Competition for these internships is extremely high, so any other work experience you can obtain prior will be beneficial to your application.
On completing your education, you’ll need to apply for a graduate scheme. Again, competition here is tough.
If successful, you’ll spend an allocated amount of time in your analyst role and receive ongoing training and support.
In investment banking, graduates typically spend three years at analyst level before being considered for associate posts.
Salary and Typical Career Development
Despite being renowned for its intense workload, the world of investments is also known for being one of the most highly compensated careers.
A typical starting salary for an analyst working in London is between £30,000 and £40,000; these figures are likely to be less outside of London, but possibly more in other financial hubs like New York, Tokyo or Hong Kong.
A key aspect of remuneration in this profession is bonuses; an annual bonus will often match or exceed an individual’s basic salary. Possible bonuses for analysts in the first three years range from 10% to 100% of salary.
After five or more years in the industry, salaries jump to over £70,000, with bonuses of up to 150%. Senior-level positions see salaries of over £110,000, with bonuses often reaching 200% of the salary.
The position of analyst is renowned for being short-term, and used as a stepping stone to other positions which offer higher rewards for fewer hours and less admin-style work.
You could aim for a more senior position in investment banking or a job in a different financial sphere, like hedge funds, corporate development, venture capital or private equity.
Opportunities for career development in the form of qualifications are plentiful.
Your company will likely want you to achieve financial certification in the form of the Investment Management Certificate (IMC) if you are working for an investment management company or the Chartered Financial Analyst programme (CFA) if you are working for an investment bank.
The latter takes four years but is considered to be comparable to a master’s degree.
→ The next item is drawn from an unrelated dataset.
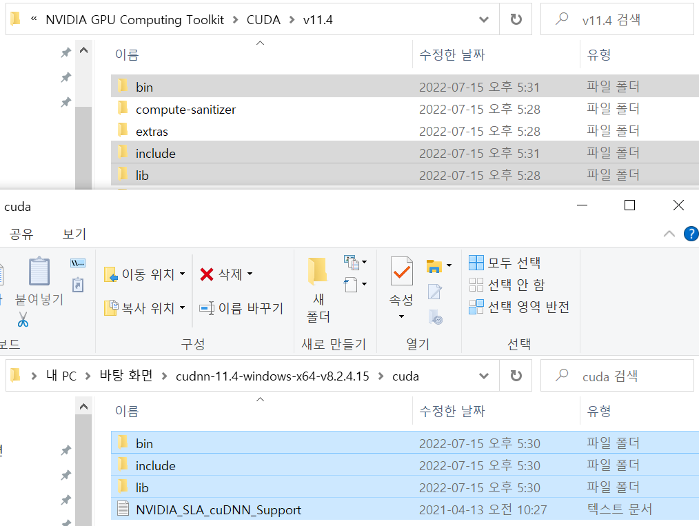 cuDNN의 다운로드한 파일 bin, include, lib을 CUDA 디렉터리에 모두 덮어쓰기 하면 된다.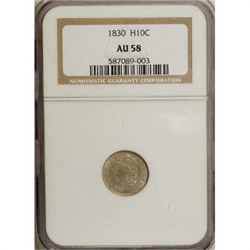 <B>1830 H10C AU58 NGC.</B></I> NGC Census: (58/347). PCGS Population (47/299). Mintage: 1,200,000. Numismedia Wsl. Price for NGC/PCGS coin in AU58: $242. (#4277)<BR><BR><B>Coin Engraver:</B> William Kneass<BR><BR><b>Shipping:</b> Coins & Currency (<a target="_blank" href="http://www.heritageauctions.com/common/shipping.php">view shipping information</a>\)

How to Know if the Role of Investment Analyst Is Right for You
Before you look to gain entry into this challenging profession, it’s well worth taking stock of a few things to ensure it’s the right path for you.
Ask yourself the following questions, and be honest in your answers:
What Are My Career Aspirations?
Whether or not the role is right for you will largely depend on your long-term career goals.
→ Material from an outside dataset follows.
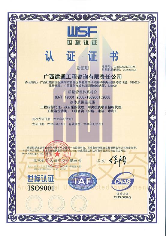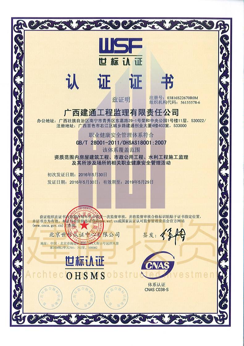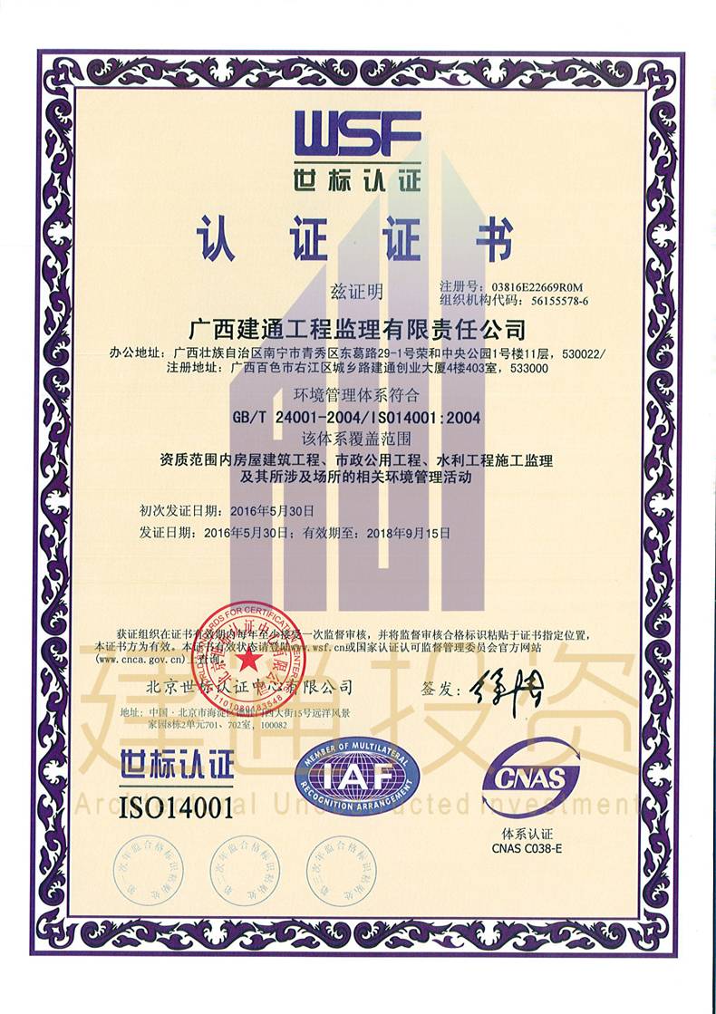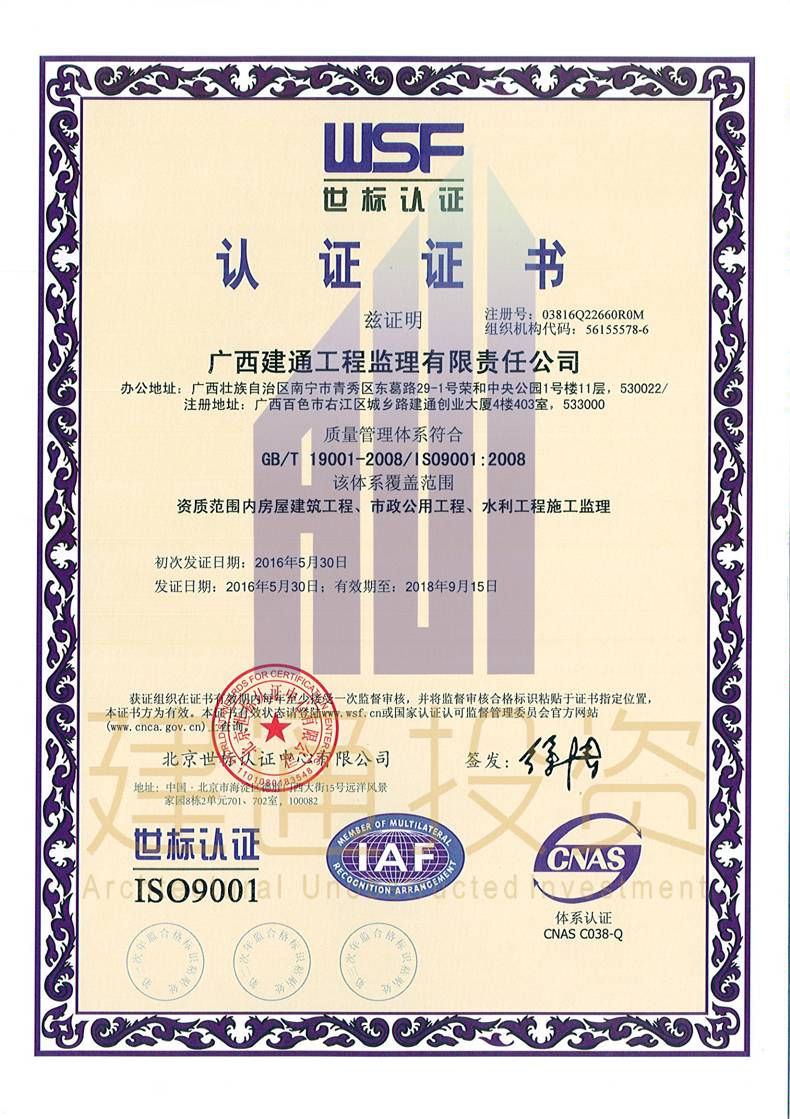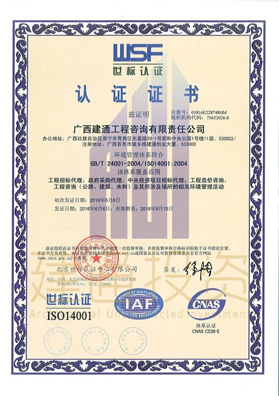 廣西建通工程監(jiān)理有限責(zé)任公司三大體系認(rèn)證證書

One of the benefits of being an investment analyst is the range of opportunities it gives you in the long run, and it certainly lends itself well to future progression.
However, if your ultimate goal is a role in finance outside the investment sector, there may be better suited entry paths that exist in a less pressurised environment.
How Much Commitment Am I Willing to Make?
Long hours and personal sacrifices are part and parcel of this role, and if you’re not prepared to take them on board, it’s not right for you.
The good news is that if you can handle the commitment, it’s likely to be short term – two or three years of grunt work is usually enough to see you progress to a role that, whilst still taxing, is less so than that of an analyst.
Does My Personality Suit?
Investment analysts need to be made of strong stuff. You’ll work well under pressure, be resilient, determined and a good team player.
A lot of the work at this level can seem quite menial, so you’ll also be comfortable with repetitive tasks.
The role of analyst is not to be taken on half-heartedly. Breaking into the industry is difficult and requires considerable dedication. Once working as an analyst, you will find yourself with very little free time.
The role of the analyst is to support senior staff with anything they need, and some graduates are often disappointed when they start out and realise how mundane some of their day-to-day responsibilities are.
However, if you’re focused on a long-term career in investments and can look past the initial hardships, a role as an investment analyst can lead to a highly lucrative and exciting future.